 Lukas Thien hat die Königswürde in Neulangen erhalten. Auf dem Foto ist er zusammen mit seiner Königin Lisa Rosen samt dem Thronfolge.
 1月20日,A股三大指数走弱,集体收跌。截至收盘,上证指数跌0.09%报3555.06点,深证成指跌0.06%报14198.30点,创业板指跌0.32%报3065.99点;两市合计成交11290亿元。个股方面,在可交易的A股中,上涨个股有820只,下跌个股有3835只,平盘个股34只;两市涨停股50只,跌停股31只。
● ● ● ● ●
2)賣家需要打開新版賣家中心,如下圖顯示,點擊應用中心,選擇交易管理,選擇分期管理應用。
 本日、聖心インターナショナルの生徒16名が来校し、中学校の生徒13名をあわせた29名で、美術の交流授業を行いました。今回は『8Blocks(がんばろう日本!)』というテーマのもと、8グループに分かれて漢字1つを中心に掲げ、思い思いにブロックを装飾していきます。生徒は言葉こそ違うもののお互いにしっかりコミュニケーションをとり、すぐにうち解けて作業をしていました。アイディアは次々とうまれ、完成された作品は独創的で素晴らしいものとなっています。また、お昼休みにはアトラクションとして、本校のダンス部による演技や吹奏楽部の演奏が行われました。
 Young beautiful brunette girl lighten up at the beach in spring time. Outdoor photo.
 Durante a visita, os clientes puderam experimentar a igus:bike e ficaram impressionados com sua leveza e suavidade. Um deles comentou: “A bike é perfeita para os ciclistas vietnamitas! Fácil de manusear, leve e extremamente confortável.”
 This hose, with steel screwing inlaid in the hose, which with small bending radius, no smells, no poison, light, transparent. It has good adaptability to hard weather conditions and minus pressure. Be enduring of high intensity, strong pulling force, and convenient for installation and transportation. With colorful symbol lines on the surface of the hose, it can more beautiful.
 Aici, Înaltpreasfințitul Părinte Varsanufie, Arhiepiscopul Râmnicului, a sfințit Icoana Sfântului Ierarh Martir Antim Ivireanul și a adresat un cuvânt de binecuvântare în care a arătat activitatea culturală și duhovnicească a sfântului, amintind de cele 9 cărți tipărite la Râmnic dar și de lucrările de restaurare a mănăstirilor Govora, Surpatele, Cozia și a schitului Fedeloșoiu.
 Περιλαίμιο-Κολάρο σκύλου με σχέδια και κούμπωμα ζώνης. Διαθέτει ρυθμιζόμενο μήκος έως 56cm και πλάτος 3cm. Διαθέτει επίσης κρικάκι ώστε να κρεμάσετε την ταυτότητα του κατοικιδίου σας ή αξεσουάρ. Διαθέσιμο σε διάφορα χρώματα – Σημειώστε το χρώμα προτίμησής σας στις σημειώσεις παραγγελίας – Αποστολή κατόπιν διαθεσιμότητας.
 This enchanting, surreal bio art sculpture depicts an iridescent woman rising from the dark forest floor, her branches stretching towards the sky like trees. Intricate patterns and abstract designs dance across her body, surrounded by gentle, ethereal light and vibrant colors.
● ● ● ● ●
- [Directions] For this task, write out exactly the lines of the entries above, starting at the line with "Young beautiful brunette" and ending at the line with "Durante a visita, os", both included, and no others.

- [Finished exercise]
 Young beautiful brunette girl lighten up at the beach in spring time. Outdoor photo.
 Durante a visita, os clientes puderam experimentar a igus:bike e ficaram impressionados com sua leveza e suavidade. Um deles comentou: “A bike é perfeita para os ciclistas vietnamitas! Fácil de manusear, leve e extremamente confortável.”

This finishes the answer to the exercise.